Lecture 3.2: Lung Mechanics Flashcards
By what mechanism is air drawn into the lungs?
Air is drawn into the lungs by expanding the volume of the thoracic cavity
What is Pleural Fluid?
A thin layer of fluid between visceral and parietal pleura ensures that lungs fill thoracic cavity and change volume as thorax does
What happens if the integrity of the pleural seal is broken?
• Lungs will tend to collapse (due to elastic recoil)
• Pneumothorax
What is the Mechanism of Breathing In?
• Active
• Mainly by contraction of diaphragm (flattening)

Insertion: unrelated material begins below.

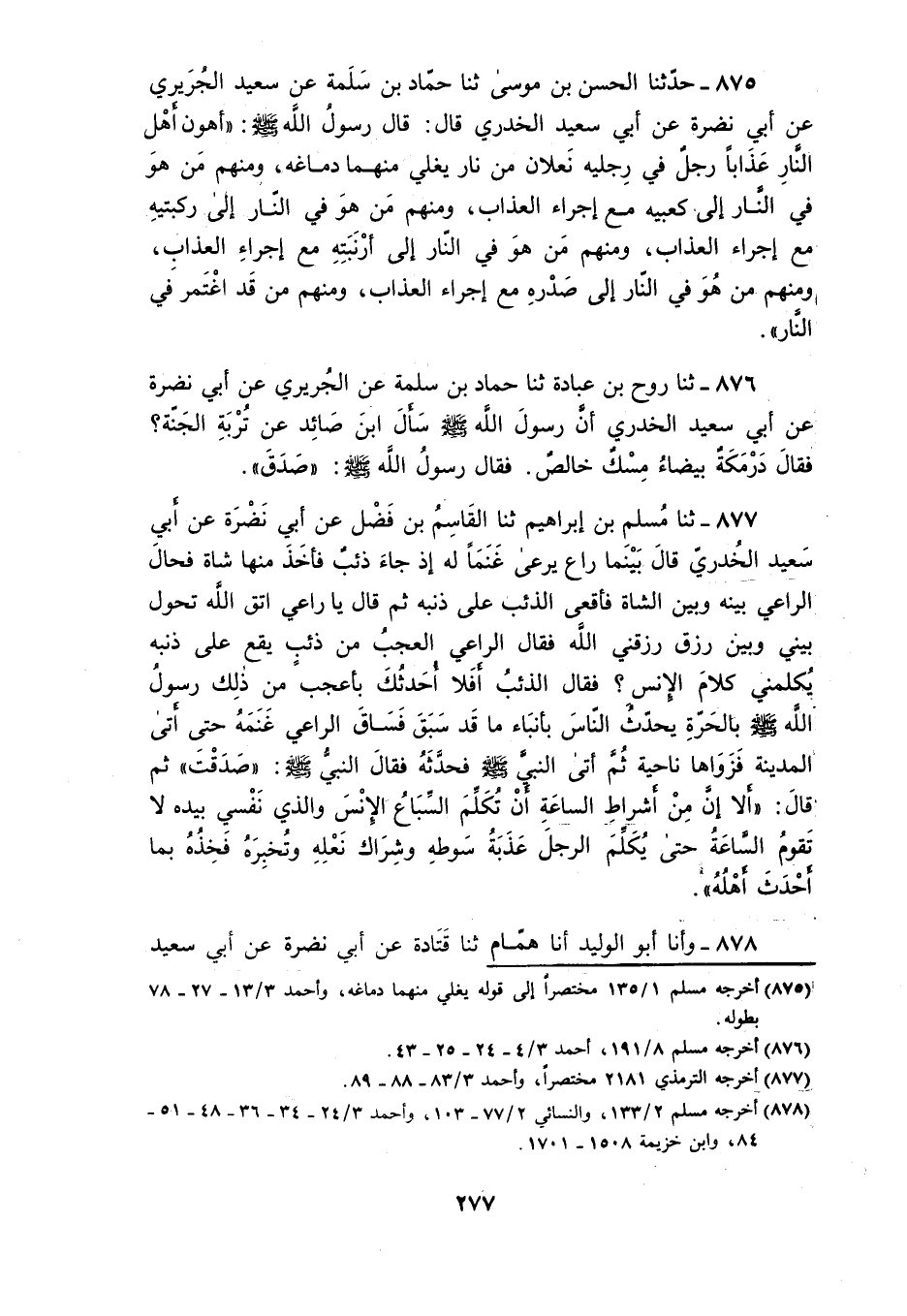 875 - حَدَّثَنَا الْحَسَنُ بْنُ مُوسَى، ثَنَا حَمَّادُ بْنُ سَلَمَةَ، عَنْ سَعِيدٍ الْجُرَيْرِيِّ، عَنْ أَبِي نَضْرَةَ، عَنْ أَبِي سَعِيدٍ الْخُدْرِيِّ قَالَ: قَالَ رَسُولُ اللَّهِ صَلَّى اللهُ عَلَيْهِ وَسَلَّمَ: «§أَهْوَنُ أَهْلِ النَّارِ عَذَابًا رَجُلٌ فِي رِجْلَيْهِ نَعْلَانِ مِنْ نَارٍ يَغْلِي مِنْهُمَا دِمَاغُهُ، وَمِنْهُمْ مَنْ هُوَ فِي النَّارِ إِلَى كَعْبَيْهِ مَعَ إِجْرَاءِ الْعَذَابِ وَمِنْهُمْ مَنْ هُوَ فِي النَّارِ إِلَى رُكْبَتَيْهِ مَعَ إِجْرَاءِ الْعَذَابِ وَمِنْهُمْ مَنْ هُوَ فِي النَّارِ إِلَى أَرْنَبَتِهِ مَعَ إِجْرَاءِ الْعَذَابِ وَمِنْهُمْ مَنْ هُوَ فِي النَّارِ إِلَى صَدْرِهِ مَعَ إِجْرَاءِ الْعَذَابِ وَمِنْهُمْ مَنْ قَدِ اغْتَمَرَ فِي النَّارِ»

• External intercostal muscles contract
What is the Mechanism of Breathing Out?
• Breathing out to resting expiratory level is passive just stop breathing in
• Diaphragm relaxes
• Internal intercostal muscles contract
What is the Mechanism of Forced Expiration?
• Requires force
• Exerted by abdominal muscles and internal intercostal muscles
• Then inspiration to resting expiratory level is passive
What is Lung Compliance?
• The stretchiness of the lungs is known as compliance
• Volume change per unit pressure change
• Higher compliance means easier to stretch
Are lung airways elastic?
• Airways have elastic walls
If lung airways are elastic, why are they also stiff?
• Compliance reduced by surface tension of lining fluid
What is Surface Tension?
• Interactions between molecules at surface of a liquid
• Makes the surface resist stretching
• Higher the surface tension the harder the lungs are to stretch
What effect do Detergents have Surface Tension?
• Reduce surface tension by disrupting interactions between surface molecules
• The Lung has a mixture of detergents
What is a Surfactant? What do they do? What in the Lungs produces Surfactants?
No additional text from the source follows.